**EXERCISE DETAILS**:
Both the line below containing "Сначала нужно взять" and the line containing "stable weight capacity.", along with every line between them, should be repeated exactly; no other line belongs in the answer.
SUPPLIED DATA START
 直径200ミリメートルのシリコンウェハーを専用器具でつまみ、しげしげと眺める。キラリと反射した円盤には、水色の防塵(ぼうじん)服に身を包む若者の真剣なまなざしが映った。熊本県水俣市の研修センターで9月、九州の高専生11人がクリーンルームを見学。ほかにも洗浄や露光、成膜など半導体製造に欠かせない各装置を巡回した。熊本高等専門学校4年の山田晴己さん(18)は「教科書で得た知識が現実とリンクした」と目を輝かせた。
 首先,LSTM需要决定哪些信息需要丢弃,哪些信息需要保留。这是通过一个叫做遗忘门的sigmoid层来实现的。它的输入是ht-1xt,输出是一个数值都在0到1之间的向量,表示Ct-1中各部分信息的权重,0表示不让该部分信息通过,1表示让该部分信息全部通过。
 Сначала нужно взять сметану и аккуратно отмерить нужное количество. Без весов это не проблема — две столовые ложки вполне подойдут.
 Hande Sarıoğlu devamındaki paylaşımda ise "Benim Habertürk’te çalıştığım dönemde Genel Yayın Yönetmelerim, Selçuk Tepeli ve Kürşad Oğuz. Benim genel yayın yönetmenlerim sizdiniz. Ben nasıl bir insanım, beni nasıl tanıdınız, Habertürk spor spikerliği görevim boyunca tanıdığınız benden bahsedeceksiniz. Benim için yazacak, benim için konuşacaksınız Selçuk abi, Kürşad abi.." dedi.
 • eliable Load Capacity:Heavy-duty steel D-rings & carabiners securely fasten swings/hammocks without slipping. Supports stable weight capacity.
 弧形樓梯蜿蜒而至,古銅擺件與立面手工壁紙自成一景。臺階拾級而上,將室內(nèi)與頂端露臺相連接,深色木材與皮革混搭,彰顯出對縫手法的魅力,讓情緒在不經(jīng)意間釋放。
SUPPLIED DATA END
SUPPLIED DATA START
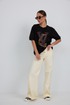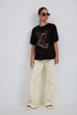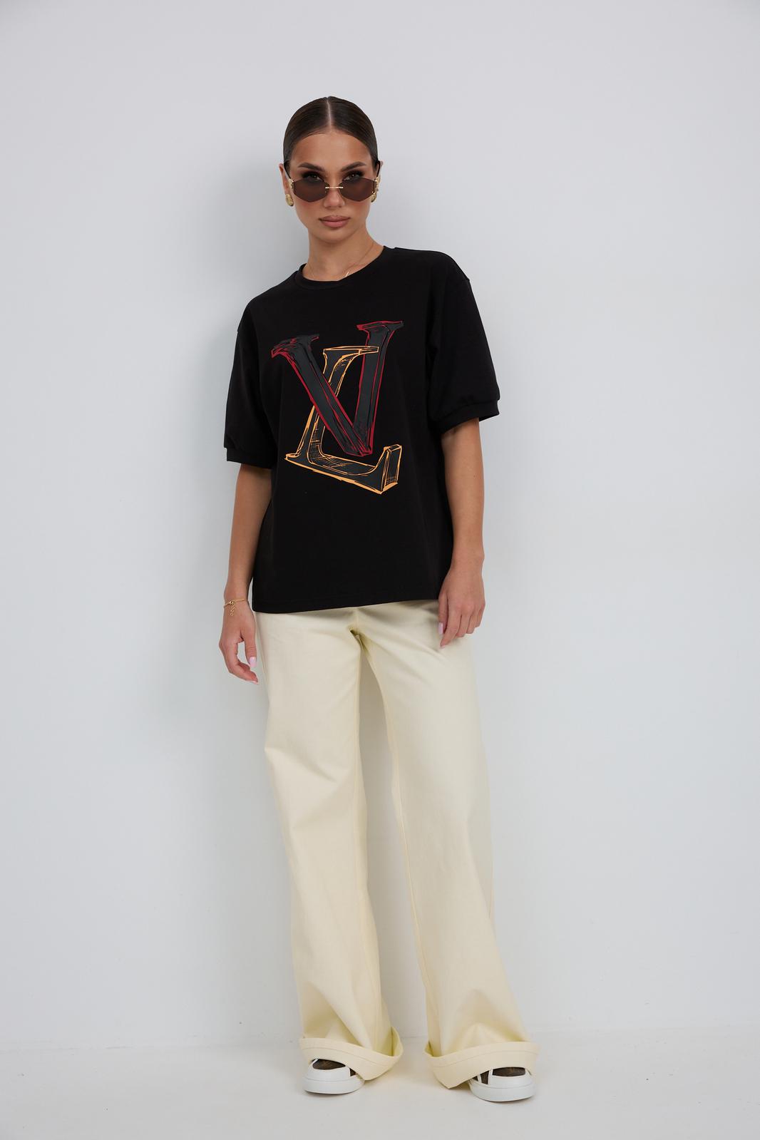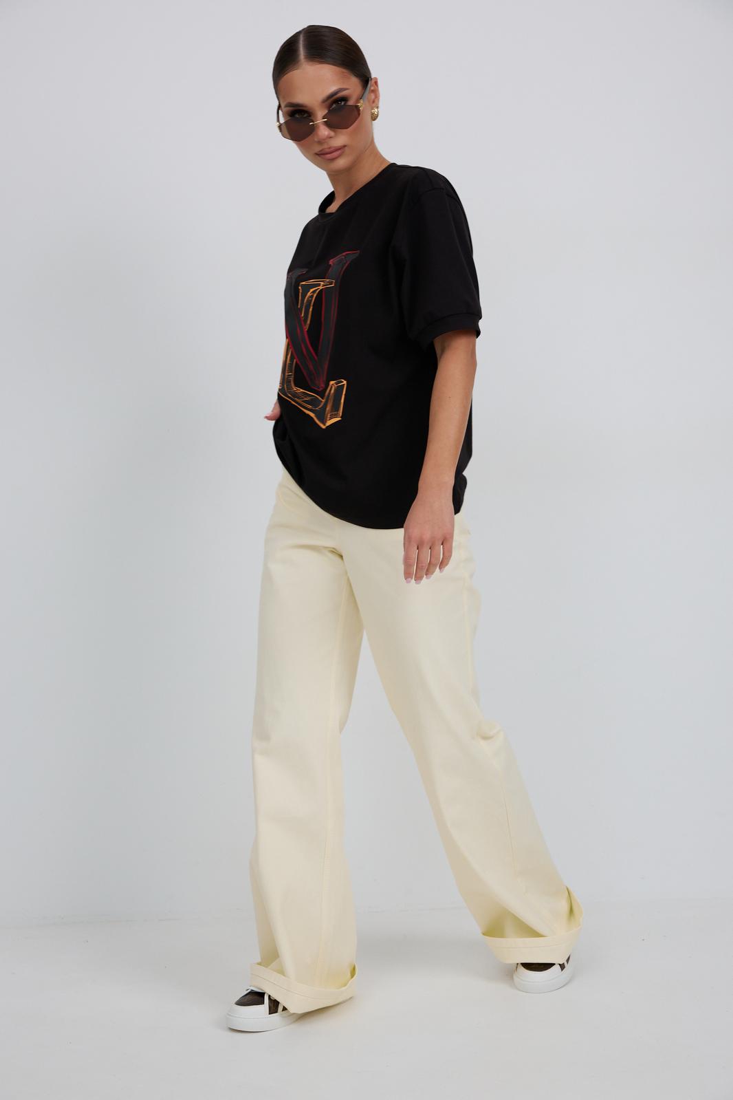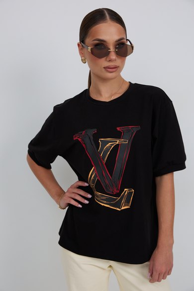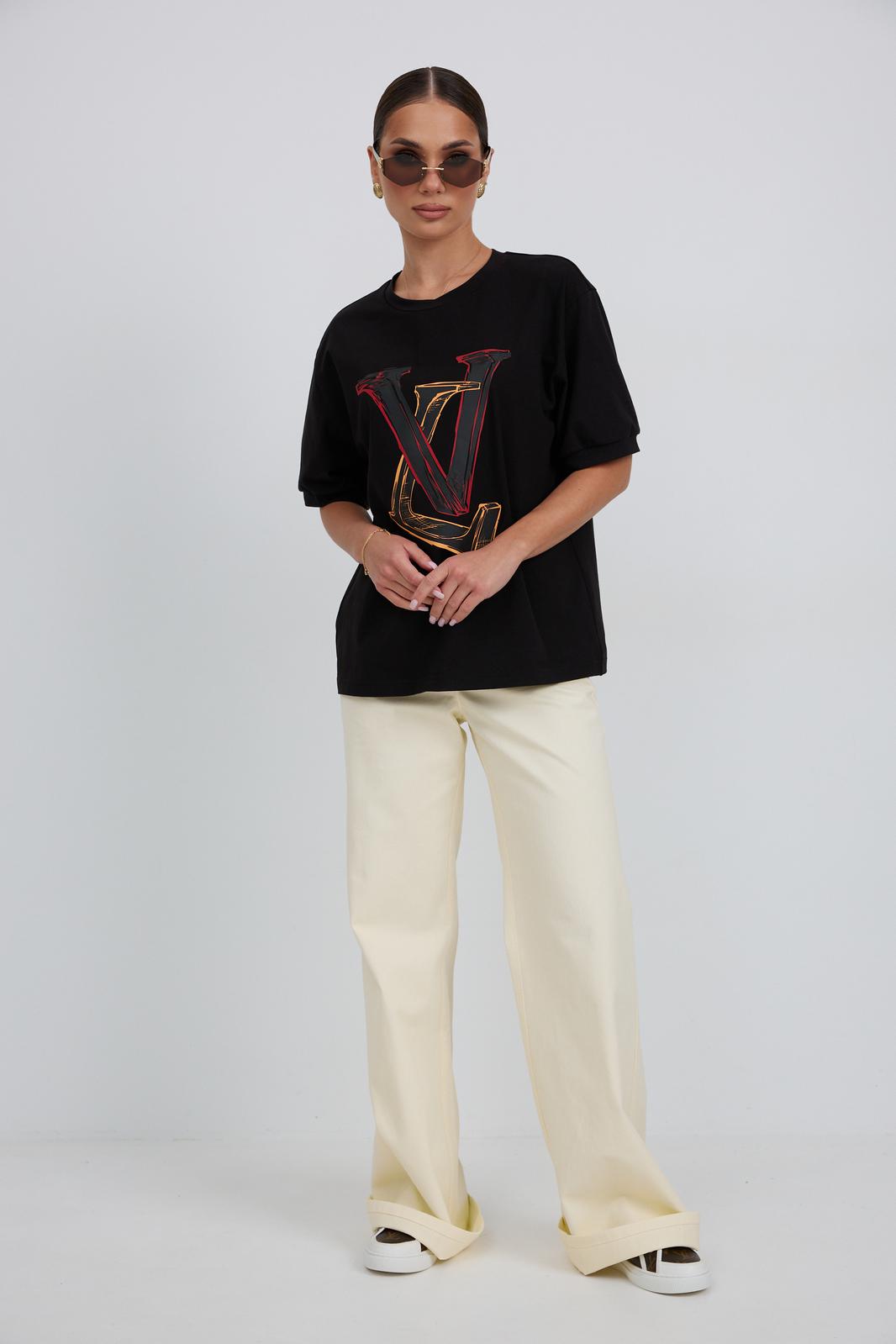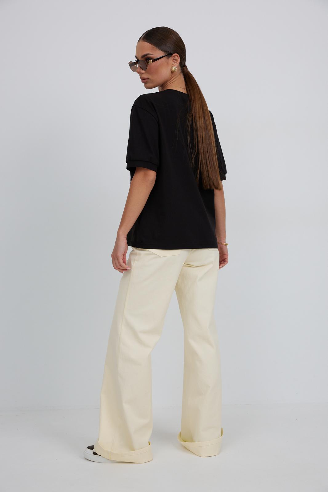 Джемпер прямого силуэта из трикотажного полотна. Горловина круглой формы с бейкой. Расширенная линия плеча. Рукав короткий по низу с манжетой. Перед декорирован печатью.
SUPPLIED DATA END
**SOLUTION TO THIS EXERCISE**:
 Сначала нужно взять сметану и аккуратно отмерить нужное количество. Без весов это не проблема — две столовые ложки вполне подойдут.
 Hande Sarıoğlu devamındaki paylaşımda ise "Benim Habertürk’te çalıştığım dönemde Genel Yayın Yönetmelerim, Selçuk Tepeli ve Kürşad Oğuz. Benim genel yayın yönetmenlerim sizdiniz. Ben nasıl bir insanım, beni nasıl tanıdınız, Habertürk spor spikerliği görevim boyunca tanıdığınız benden bahsedeceksiniz. Benim için yazacak, benim için konuşacaksınız Selçuk abi, Kürşad abi.." dedi.
 • eliable Load Capacity:Heavy-duty steel D-rings & carabiners securely fasten swings/hammocks without slipping. Supports stable weight capacity.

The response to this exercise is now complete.